• INPUT FOR THIS TASK

* * * * *

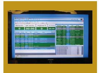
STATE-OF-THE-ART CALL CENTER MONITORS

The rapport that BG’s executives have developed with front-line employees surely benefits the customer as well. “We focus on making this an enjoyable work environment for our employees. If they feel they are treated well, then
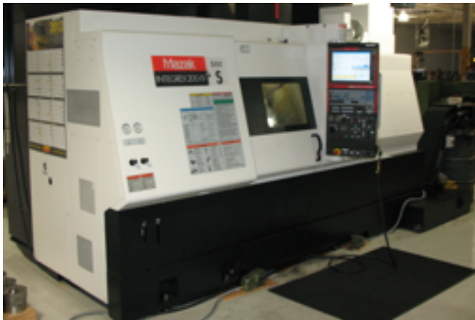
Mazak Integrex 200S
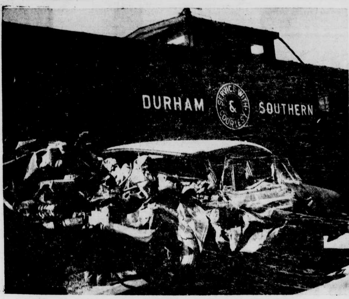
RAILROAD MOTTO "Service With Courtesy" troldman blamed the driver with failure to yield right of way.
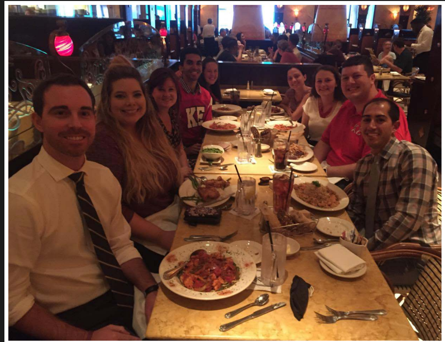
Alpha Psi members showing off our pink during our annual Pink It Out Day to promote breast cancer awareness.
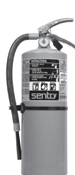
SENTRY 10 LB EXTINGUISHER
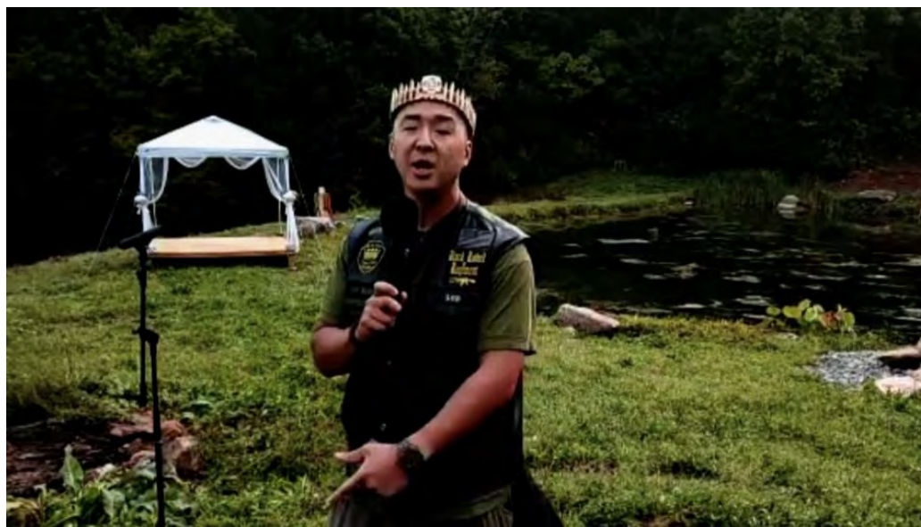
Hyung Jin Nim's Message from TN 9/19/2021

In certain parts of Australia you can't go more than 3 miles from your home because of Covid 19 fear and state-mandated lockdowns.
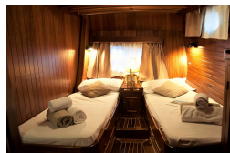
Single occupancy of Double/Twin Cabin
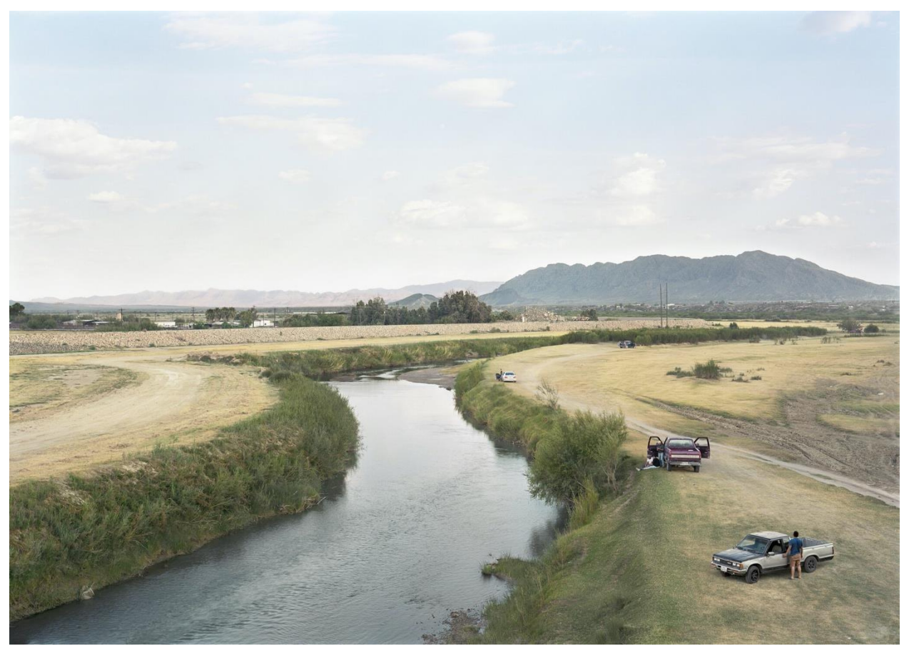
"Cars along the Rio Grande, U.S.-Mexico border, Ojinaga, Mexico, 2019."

* * * * *

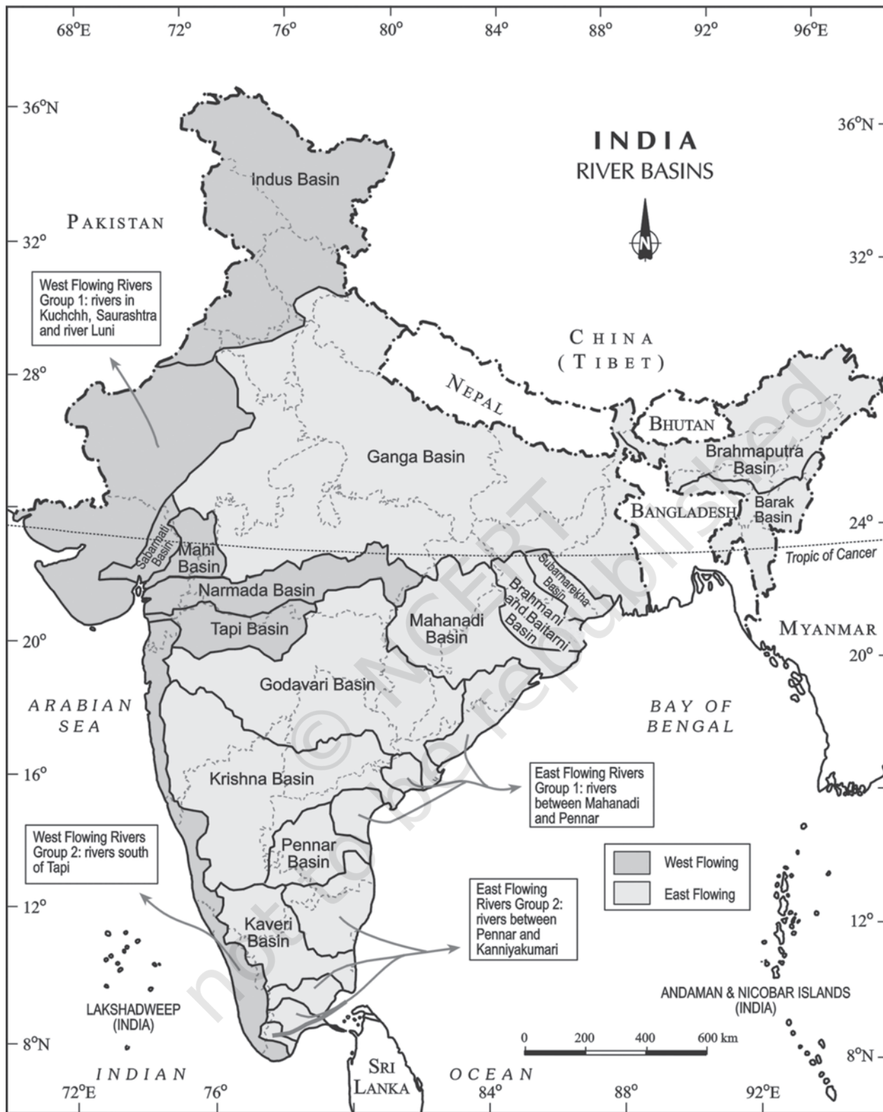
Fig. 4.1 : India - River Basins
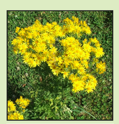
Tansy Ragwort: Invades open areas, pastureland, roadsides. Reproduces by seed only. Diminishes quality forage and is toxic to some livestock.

* * * * *

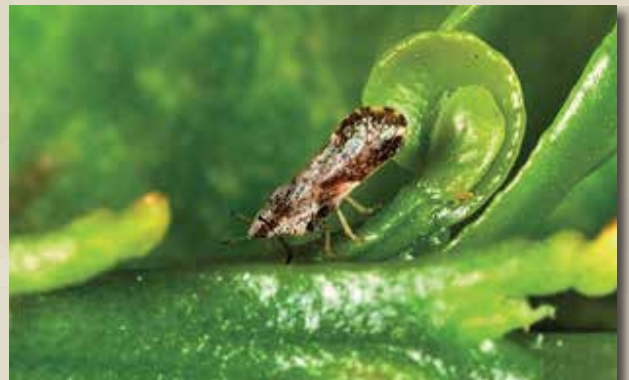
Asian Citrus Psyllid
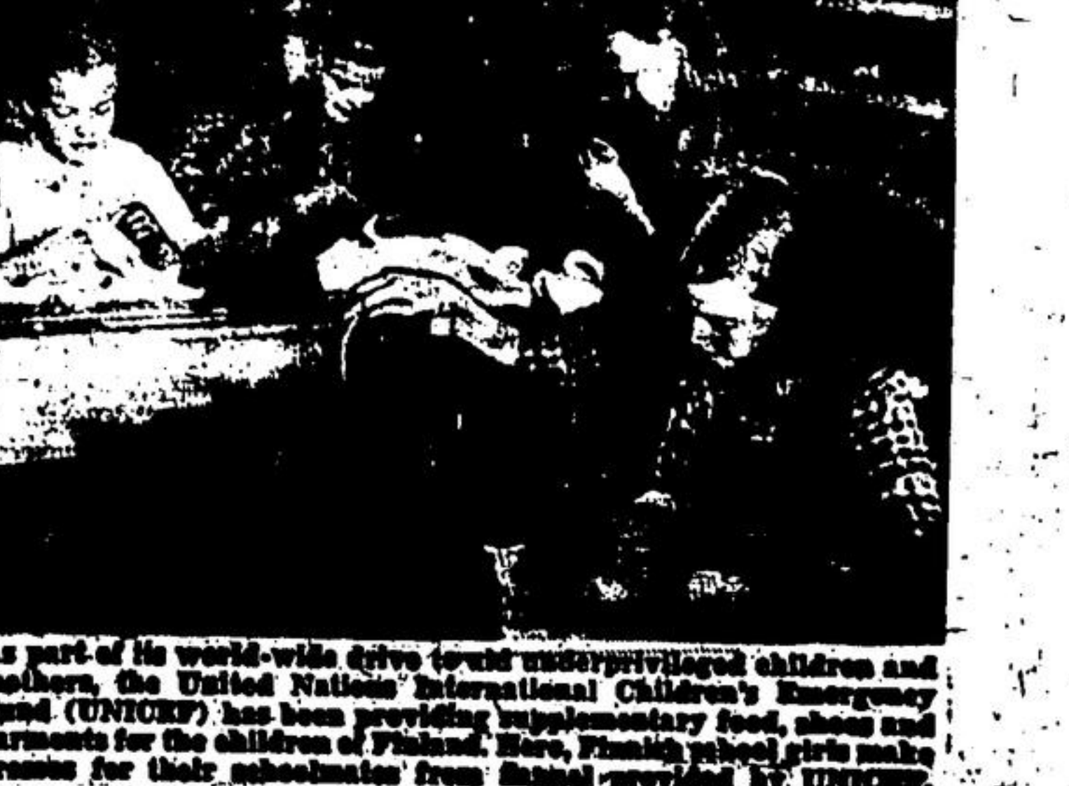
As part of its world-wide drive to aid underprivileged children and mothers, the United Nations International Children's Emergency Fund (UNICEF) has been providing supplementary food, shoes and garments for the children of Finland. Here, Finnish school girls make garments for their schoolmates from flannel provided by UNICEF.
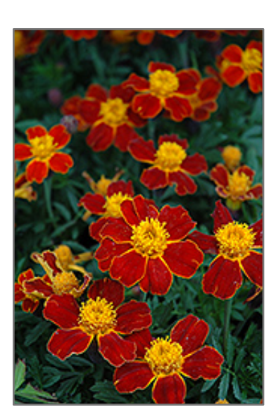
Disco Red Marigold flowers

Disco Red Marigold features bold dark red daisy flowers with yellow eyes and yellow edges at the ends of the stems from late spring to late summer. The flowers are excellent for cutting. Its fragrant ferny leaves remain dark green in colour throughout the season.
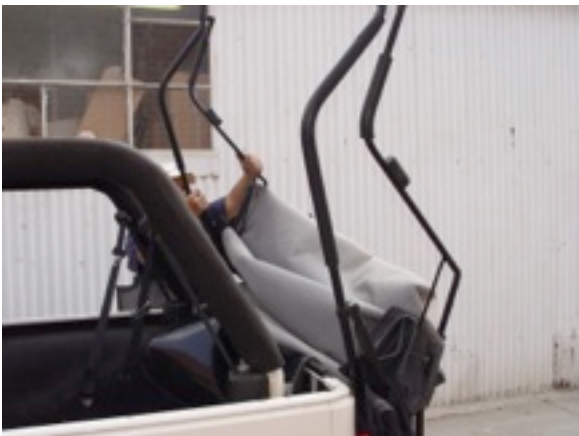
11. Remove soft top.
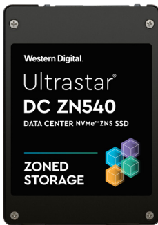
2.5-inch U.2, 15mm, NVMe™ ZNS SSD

* * * * *

The material above holds pictures; leave them out and set down exactly the lines from the line with "right of way." to the line with "along the Rio", both included.

• EXERCISE ANSWER
RAILROAD MOTTO "Service With Courtesy" troldman blamed the driver with failure to yield right of way.
Alpha Psi members showing off our pink during our annual Pink It Out Day to promote breast cancer awareness.
SENTRY 10 LB EXTINGUISHER
Hyung Jin Nim's Message from TN 9/19/2021

In certain parts of Australia you can't go more than 3 miles from your home because of Covid 19 fear and state-mandated lockdowns.
Single occupancy of Double/Twin Cabin
"Cars along the Rio Grande, U.S.-Mexico border, Ojinaga, Mexico, 2019."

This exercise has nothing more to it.